## Work item:
Among the entries below, find the line with "anzeigen | |" and the line with "Car slowly drives". Return exactly those lines and every line between them, but no pictures.

## Material provided:
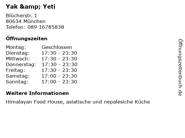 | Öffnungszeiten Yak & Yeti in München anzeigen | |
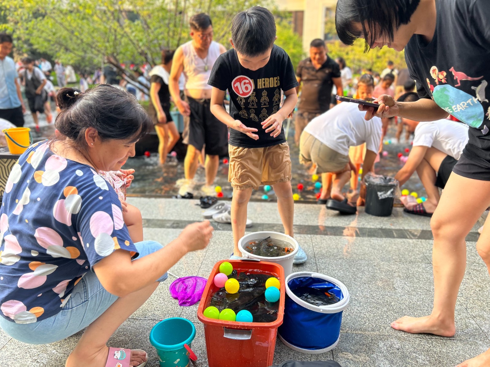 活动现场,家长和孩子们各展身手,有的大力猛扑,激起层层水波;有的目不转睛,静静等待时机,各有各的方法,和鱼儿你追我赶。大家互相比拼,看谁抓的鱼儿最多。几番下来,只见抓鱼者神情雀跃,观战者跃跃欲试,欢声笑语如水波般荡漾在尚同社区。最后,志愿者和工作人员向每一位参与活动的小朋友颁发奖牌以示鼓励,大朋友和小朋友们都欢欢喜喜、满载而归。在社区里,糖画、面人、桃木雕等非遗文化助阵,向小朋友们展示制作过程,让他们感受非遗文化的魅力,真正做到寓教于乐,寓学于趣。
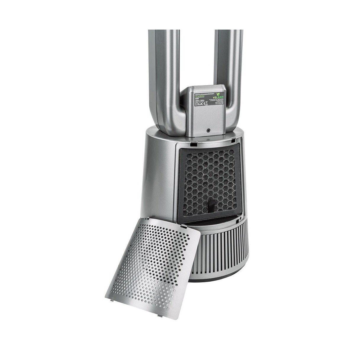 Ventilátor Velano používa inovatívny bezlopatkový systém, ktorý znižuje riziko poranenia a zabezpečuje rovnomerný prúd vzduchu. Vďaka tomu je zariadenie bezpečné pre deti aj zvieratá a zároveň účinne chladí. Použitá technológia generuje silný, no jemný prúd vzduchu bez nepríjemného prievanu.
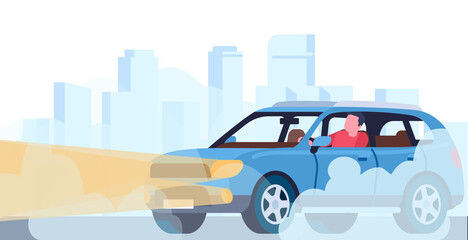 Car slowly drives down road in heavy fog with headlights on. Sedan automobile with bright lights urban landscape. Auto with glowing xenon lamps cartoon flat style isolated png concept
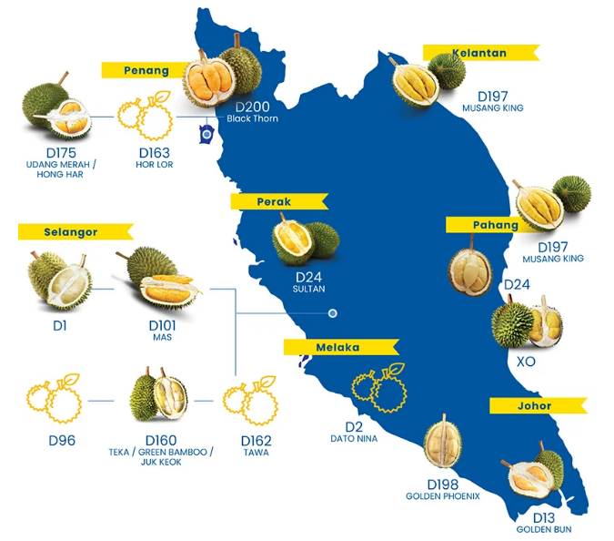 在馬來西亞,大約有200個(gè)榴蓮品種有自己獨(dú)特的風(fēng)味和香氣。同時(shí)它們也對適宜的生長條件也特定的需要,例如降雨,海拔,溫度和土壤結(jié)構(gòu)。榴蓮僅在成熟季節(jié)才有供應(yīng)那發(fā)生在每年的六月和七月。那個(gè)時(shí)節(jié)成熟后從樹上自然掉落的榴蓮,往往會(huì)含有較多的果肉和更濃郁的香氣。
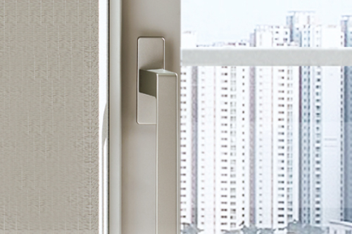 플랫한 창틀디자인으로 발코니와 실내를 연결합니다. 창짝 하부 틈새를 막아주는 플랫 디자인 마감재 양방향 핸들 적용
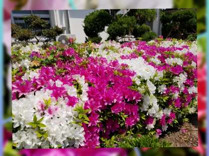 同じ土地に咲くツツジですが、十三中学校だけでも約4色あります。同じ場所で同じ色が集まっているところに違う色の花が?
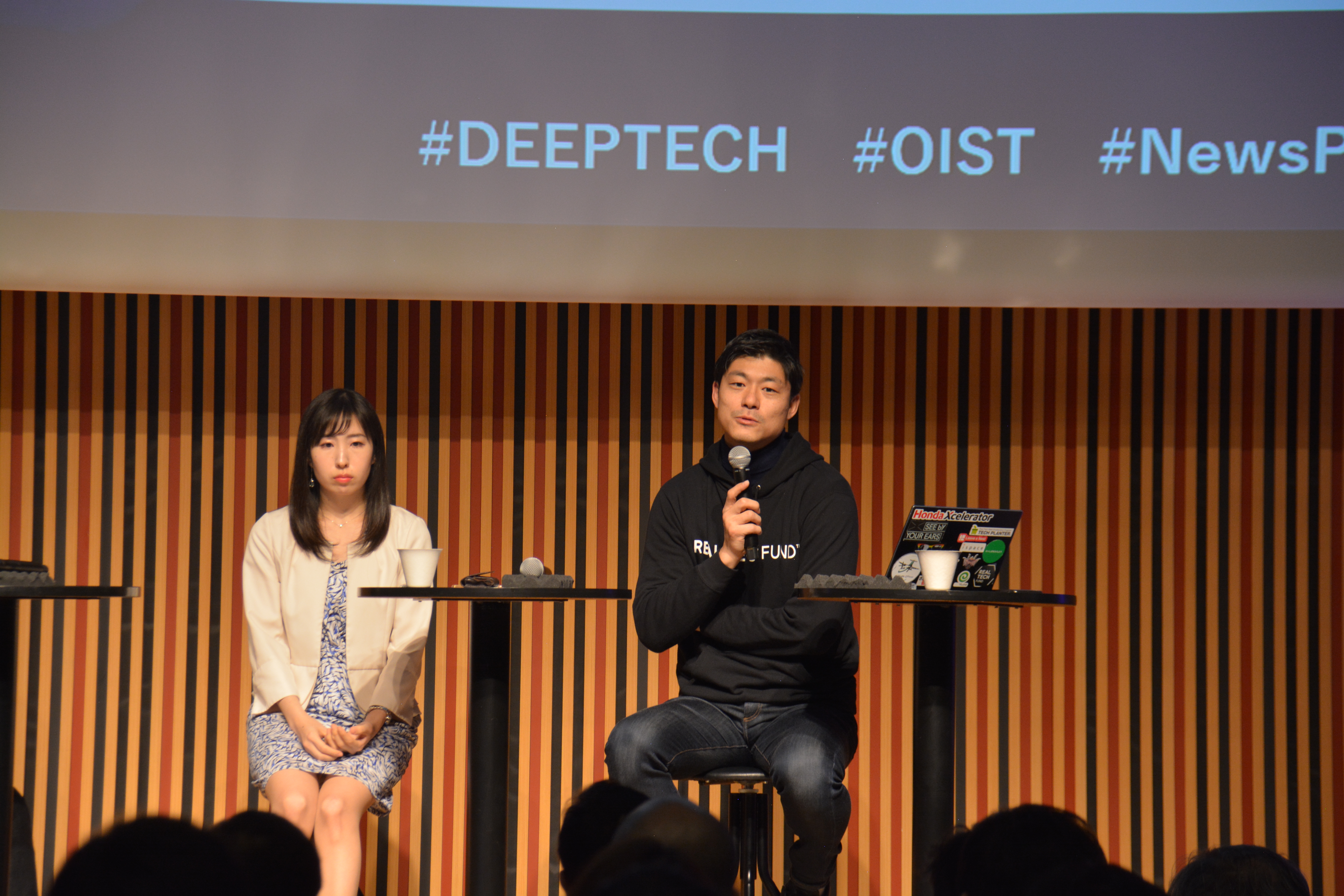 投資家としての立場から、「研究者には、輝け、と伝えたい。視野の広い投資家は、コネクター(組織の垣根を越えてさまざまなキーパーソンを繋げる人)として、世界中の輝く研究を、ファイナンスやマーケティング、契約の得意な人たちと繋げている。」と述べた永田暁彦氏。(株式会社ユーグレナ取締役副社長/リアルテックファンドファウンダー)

==

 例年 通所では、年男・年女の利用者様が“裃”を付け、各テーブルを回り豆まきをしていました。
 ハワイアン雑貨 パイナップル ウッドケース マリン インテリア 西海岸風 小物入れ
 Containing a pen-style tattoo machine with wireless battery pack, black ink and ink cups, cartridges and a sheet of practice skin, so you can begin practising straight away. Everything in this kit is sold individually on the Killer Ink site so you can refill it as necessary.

...

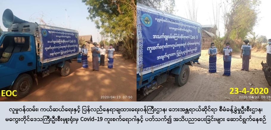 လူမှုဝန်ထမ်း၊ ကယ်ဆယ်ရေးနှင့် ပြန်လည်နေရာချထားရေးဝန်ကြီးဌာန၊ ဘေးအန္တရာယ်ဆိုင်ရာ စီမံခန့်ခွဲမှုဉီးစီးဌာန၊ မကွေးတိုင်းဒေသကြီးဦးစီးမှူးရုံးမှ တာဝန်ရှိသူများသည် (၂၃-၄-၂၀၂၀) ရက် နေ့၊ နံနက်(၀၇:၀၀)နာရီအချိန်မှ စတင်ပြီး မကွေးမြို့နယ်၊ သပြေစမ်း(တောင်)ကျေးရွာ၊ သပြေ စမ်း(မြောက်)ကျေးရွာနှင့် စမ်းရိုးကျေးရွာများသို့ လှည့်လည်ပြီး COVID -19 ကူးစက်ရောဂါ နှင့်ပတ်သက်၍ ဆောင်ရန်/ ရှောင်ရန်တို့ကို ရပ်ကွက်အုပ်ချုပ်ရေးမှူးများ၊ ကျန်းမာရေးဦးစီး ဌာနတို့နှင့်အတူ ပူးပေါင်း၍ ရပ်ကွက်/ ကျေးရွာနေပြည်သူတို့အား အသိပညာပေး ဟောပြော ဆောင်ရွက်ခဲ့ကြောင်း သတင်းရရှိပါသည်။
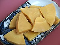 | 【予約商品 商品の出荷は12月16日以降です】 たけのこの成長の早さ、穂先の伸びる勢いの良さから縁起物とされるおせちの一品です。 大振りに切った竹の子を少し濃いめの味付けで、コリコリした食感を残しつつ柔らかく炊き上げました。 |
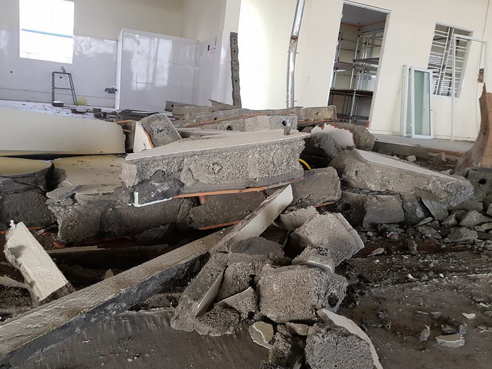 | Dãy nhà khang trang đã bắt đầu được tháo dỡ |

## The completed task:
 | Öffnungszeiten Yak & Yeti in München anzeigen | |
 活动现场,家长和孩子们各展身手,有的大力猛扑,激起层层水波;有的目不转睛,静静等待时机,各有各的方法,和鱼儿你追我赶。大家互相比拼,看谁抓的鱼儿最多。几番下来,只见抓鱼者神情雀跃,观战者跃跃欲试,欢声笑语如水波般荡漾在尚同社区。最后,志愿者和工作人员向每一位参与活动的小朋友颁发奖牌以示鼓励,大朋友和小朋友们都欢欢喜喜、满载而归。在社区里,糖画、面人、桃木雕等非遗文化助阵,向小朋友们展示制作过程,让他们感受非遗文化的魅力,真正做到寓教于乐,寓学于趣。
 Ventilátor Velano používa inovatívny bezlopatkový systém, ktorý znižuje riziko poranenia a zabezpečuje rovnomerný prúd vzduchu. Vďaka tomu je zariadenie bezpečné pre deti aj zvieratá a zároveň účinne chladí. Použitá technológia generuje silný, no jemný prúd vzduchu bez nepríjemného prievanu.
 Car slowly drives down road in heavy fog with headlights on. Sedan automobile with bright lights urban landscape. Auto with glowing xenon lamps cartoon flat style isolated png concept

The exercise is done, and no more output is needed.